> [PROBLEM DETAILS] Omitting all pictures, copy word for word the lines from the line containing "计数是智能跳绳的基础功能,通" through the final line of the entries.
INPUT MATERIAL Start Marker
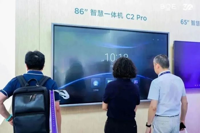 BOE智慧一體機系列產(chǎn)品U1 和C2Pro,采用超窄邊框和超高清顯示屏,為用戶提供極致視覺體驗,并搭載全新的京東方自研系統(tǒng),采用自研AI技術(shù)與軟件產(chǎn)品,為辦公、教學、金融、醫(yī)療等終端場景提供智慧的協(xié)作平臺,能夠滿足客戶不同場景需求。
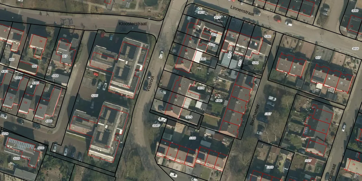 Gebruik de zoekbalk of klik op een perceel voor informatie over de adressen binnen dit perceel.
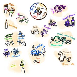 Um, zum Beispiel, groß(es) und klein(es) zu sagen, werden die Worte für Groß und Klein an den eigentlichen Begriff angehängt. Wenn etwas hergestellt oder gemacht wird von, ist es dessen Mani,was auch angeghängt wird. Wie auch das Mana, für die beauftragte oder berufene Person oder Sache.
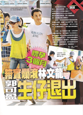 據(jù)報道,郭可盈已經(jīng)有三個月身孕,她的朋友透露:“文龍一直都希望有小朋友,但可盈事業(yè)心太重,整天想著工作,不想生孩子。不過發(fā)生桃色勒索案之后,他們經(jīng)常溝通,患難見真情,可盈終于答應生孩子,她希望有了孩子之后,文龍會有責任感,不要再像以前那樣出去玩!
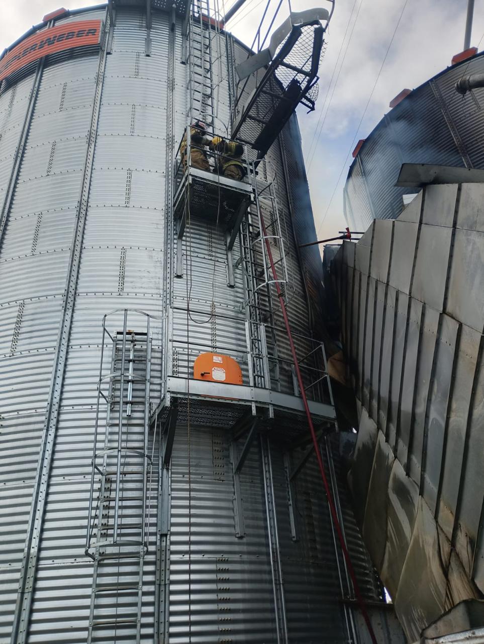 Resfriamento contínuo do silo adjacente, medida decisiva para impedir a propagação do incêndio e preservar parte da estrutura.
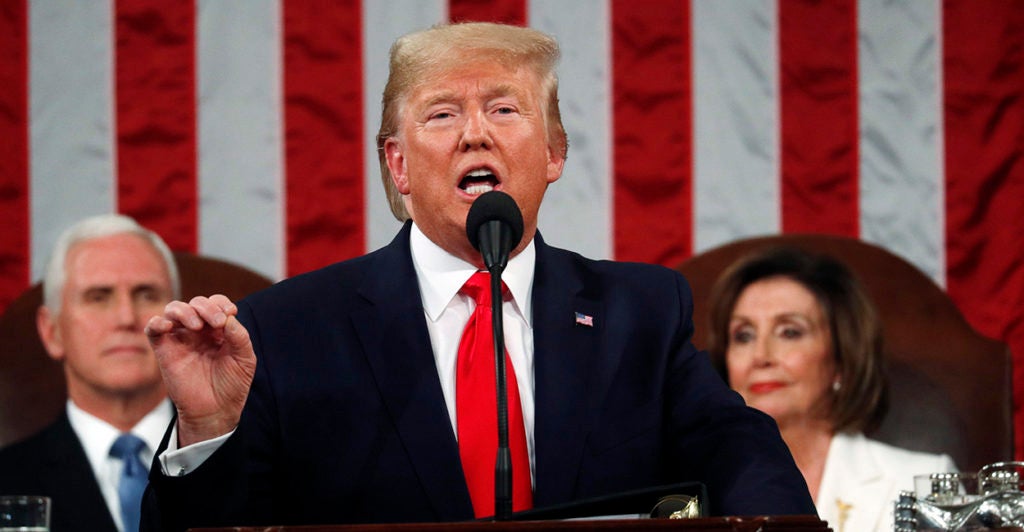 One could tell where things were headed when President Donald Trump arrived later than most other presidents and held up two newspapers with the headline “Acquitted,” a reference to the vote by the GOP majority in the Senate the day before, which refused to convict him of two articles of impeachment written by the Democratic majority in the House.
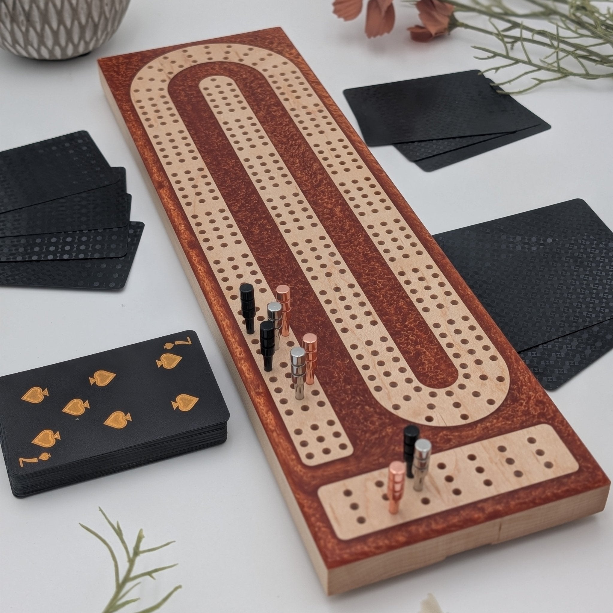 Reverse Pour Copper Resin Premium Cribbage Board - Three Lane Cribbage Board
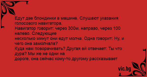 Куда нам поворачивать? Другая ей отвечает: Ты что дура? Мы же не одни на
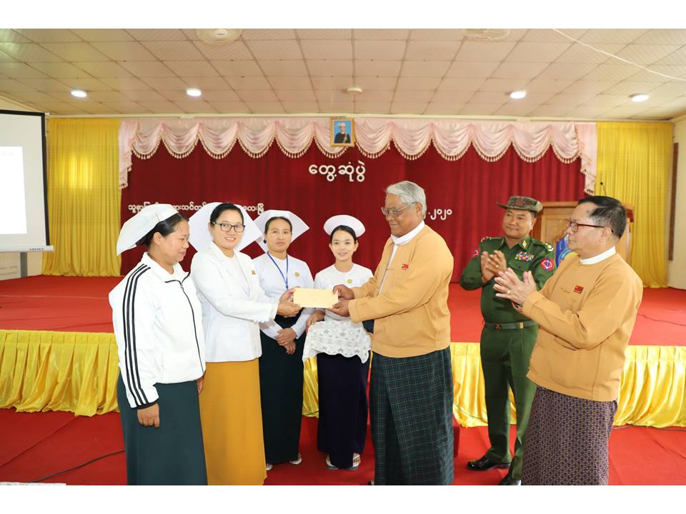 ထို့နောက် အဆိုပါသင်တန်းကျောင်းနှင့် သင်တန်းသားသင်တန်းသူများအတွက် ထောက်ပံ့ငွေများကို အသီးသီးပေးအပ်ရာ ကျောင်းအုပ်ဆရာမကြီးနှင့် တာဝန်ရှိသူများက လက်ခံရယူခဲ့ကြပြီး သင်တန်းသူများကို တိုင်းဒေသကြီးဝန်ကြီးချုပ်က ရင်းရင်းနှီးနှီးလိုက်လံနှုတ်ဆက်ခဲ့သည်။
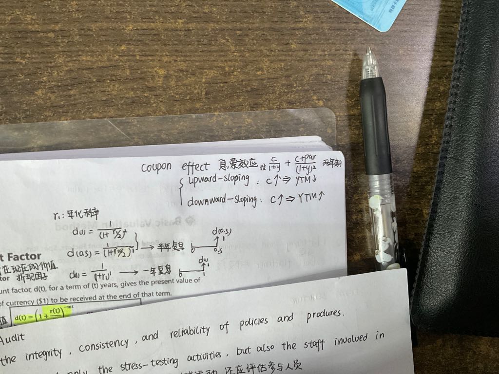 已回答感觉听老师讲的迷迷糊糊,三种映射是不是这么理解: 1、本金映射:不考虑coupon,只考虑本金,风险因子仅有平均到期时间,还是说coupin和本金都考虑了,加权的平均到期时间作为风险因子; 2、久期映射:通过风险因子久期考虑到了coupon和本金,对应的就是相应久期的零息债券; 3、现金流映射:将coupon和本金分别对应的久期进行相应久期零息债的对应,也就是说把这些久期放到久期篮子一一映射
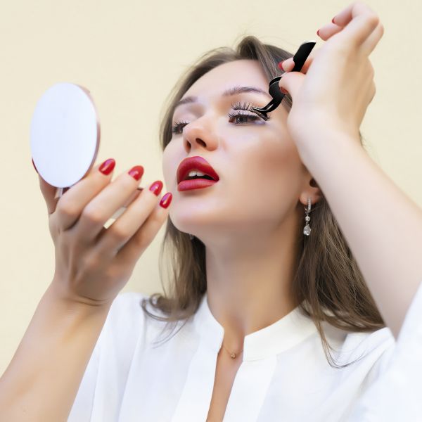 3. Desprinde usor din cutie banda de gene si cuprinde-le cu aplicatorul 4.Asezati genele false pe linia de tus trasata.
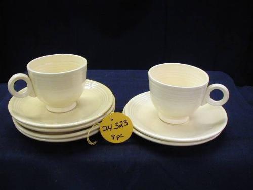1930'S HOMER LAUGHLIN FIESTA IVORY INCLUDES (2) TEA CUPS UNMARKED (1 W/MFG FLAW ON RIM), (6) SAUCERS 4-STAMPED 2-UNMARKED, 8 PC EXCELLENT
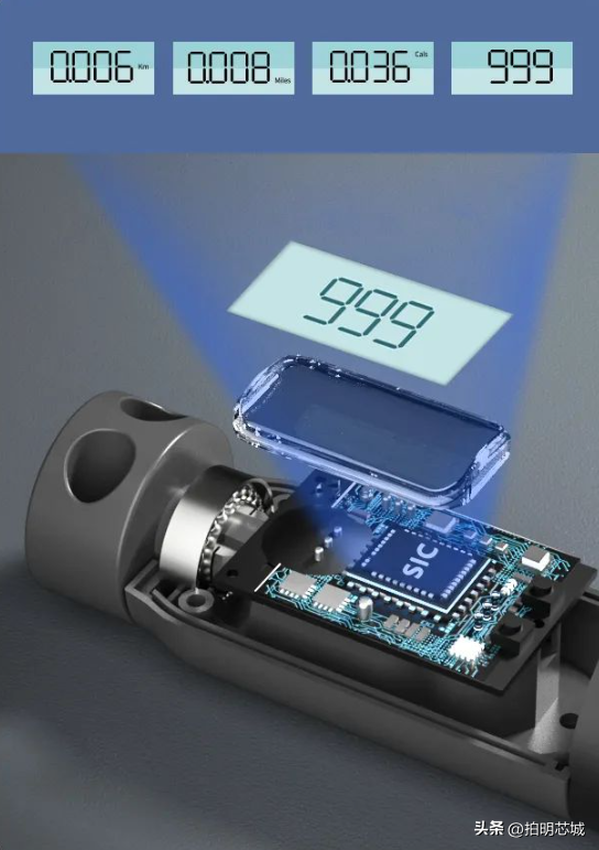 计数是智能跳绳的基础功能,通常是采用霍尔传感器检测跳绳转轴转动,运用了齿轮转动机械计数的原理,通过内置算法准确感知转轴360度圆周运动,实现精准计数,还可以感知用户跳绳卡顿绊绳等情况。跳绳模式、次数、时长、卡路里、电量等信息在LCD显示屏实时显示,当设备配对蓝牙成功时,所有的跳绳数据都将同步到APP中,从而实现个人的运动健康监测和管理。心率监测,姿态识别等功能则需搭载相应的传感器去感知。
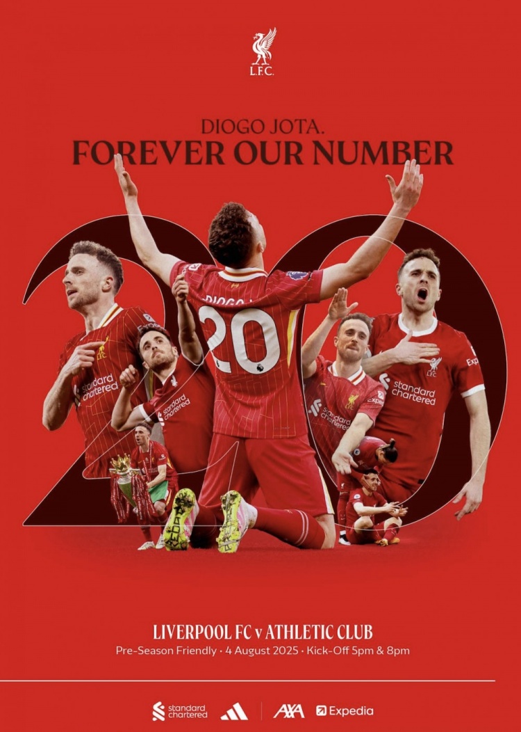 8月4日讯 利物浦官方宣布,在与毕巴鄂竞技比赛日特刊的封面上,特别向若塔致敬。利物浦官方公告:在2025-26赛季安菲尔德首场比赛日的特刊...
INPUT MATERIAL End Marker
> [REPLY TO THE TASK]
 计数是智能跳绳的基础功能,通常是采用霍尔传感器检测跳绳转轴转动,运用了齿轮转动机械计数的原理,通过内置算法准确感知转轴360度圆周运动,实现精准计数,还可以感知用户跳绳卡顿绊绳等情况。跳绳模式、次数、时长、卡路里、电量等信息在LCD显示屏实时显示,当设备配对蓝牙成功时,所有的跳绳数据都将同步到APP中,从而实现个人的运动健康监测和管理。心率监测,姿态识别等功能则需搭载相应的传感器去感知。
 8月4日讯 利物浦官方宣布,在与毕巴鄂竞技比赛日特刊的封面上,特别向若塔致敬。利物浦官方公告:在2025-26赛季安菲尔德首场比赛日的特刊...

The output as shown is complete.